4. A mixture according to claim 1, wherein the nonyl groups in dinonyldiphenylamine and nonyldiphenylamine are in the 4,4′-position and 4-position, respectively, of the diphenylamine.

5. A mixture according to claim 1, wherein the nonyl groups are derived by reacting the diphenylamine with tripropylene.

6. A product according to claim 1 obtainable by alkylating diphenylamine with an excess of nonene or a mixture of isomeric nonenes in the presence of from 2.0 to 25.0% by weight, based on diphenylamine, of an acid clay and in the absence of inorganic or organic acids in the reaction mixture.

7. A product according to claim 6, which has a kinematic viscosity of <500 mm2/sec at 40° C.

8. A product according to claim 6, wherein from 5.0 to 10.0% by weight of an acid clay is used.

9. A product according to claim 6, wherein tripropylene is used as the nonene.

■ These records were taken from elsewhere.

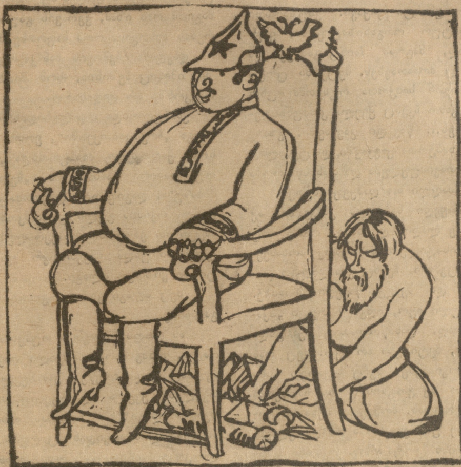
შაგრამ რუსის გლეხმა სხვანაირათ განსაჯა და ცდილობს ცეცხლი კომუნისტის სავარძელ ქვეშ გადმოიტანოს.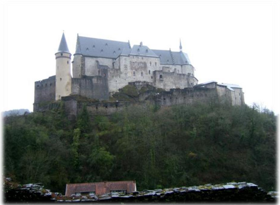
De burcht van Vianden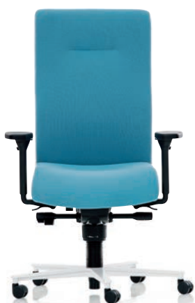
XP 4020 EB PLUS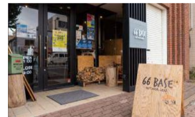
東室蘭駅徒歩圏内ニューヨークテラスビル1階に、2021年12月に誕生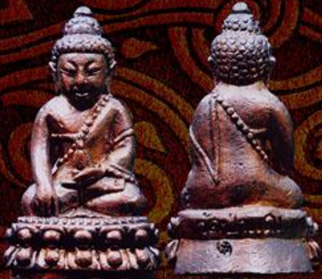
พระกริ่งบูรพาจารย์ รุ่น 1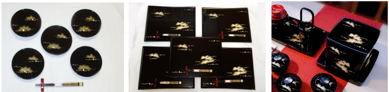
(写真左)輪島塗銘々皿 寿松沈金 5枚組 (写真中)輪島塗卓上膳 寿松沈金 5枚組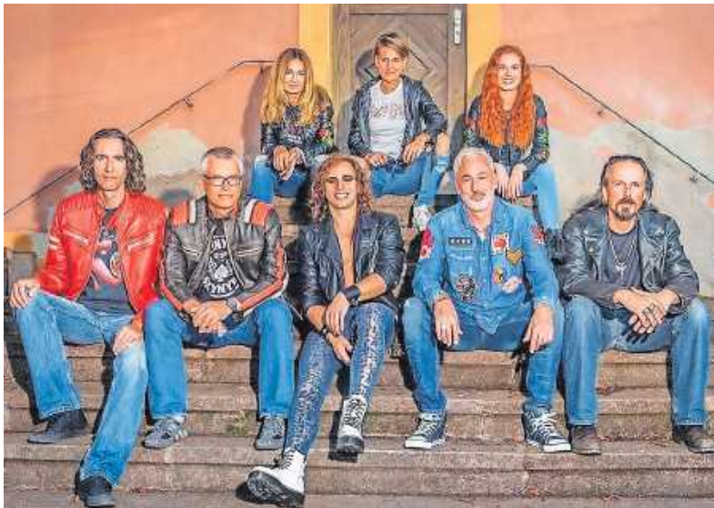
Dieses Jahr wieder dabei: Delta Rock

Vorverkauf startet am 21. Januar für Mitglieder des TV Wörth und am 3. Februar für alle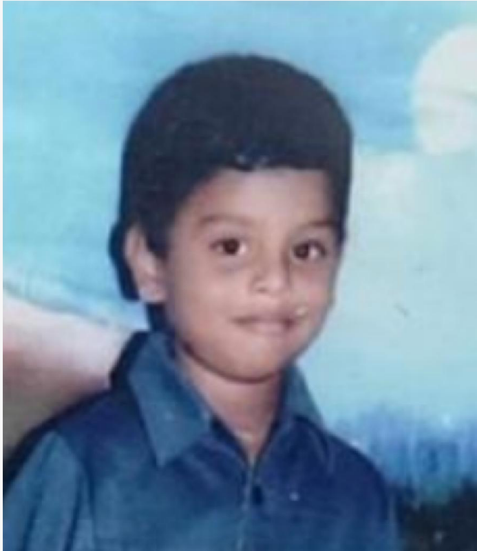
10 years old when Disappeared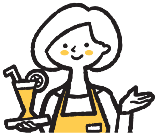
元レストラン店員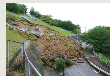
令和3年の大雨災害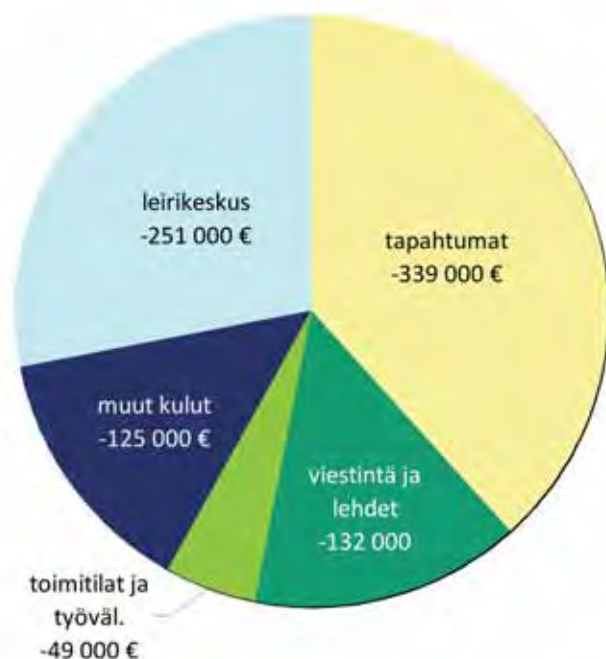
Tilinpäätöksen 2010 kulujen jakautuminen, kun henkilöstökulut on jaettu toiminnoittain

10. A process for the preparation of a mixture of nonylated diphenylamines consisting essentially of in a gas chromatograma) from 68.0 to 78.0% by area dinonyldiphenylamine; b) from 20.0 to 30.0% by area nonyldiphenylamine; c) from 1.0 to 3.5% by area trinonyldiphenylamine; d) and from 0.1 to 1.0% by area diphenylamine which comprises alkylating diphenylamine with an excess of nonene or a mixture of isomeric nonenes in the presence of from 2.0 to 25.0% by weight, based on diphenylamine, of an acid clay and in the absence of inorganic or organic acids in the reaction mixture.

11. A composition comprisingα) a lubricant or operational fluid subjected to oxidative, thermal and/or light-induced degradation and β) at least one mixture according to claim 1.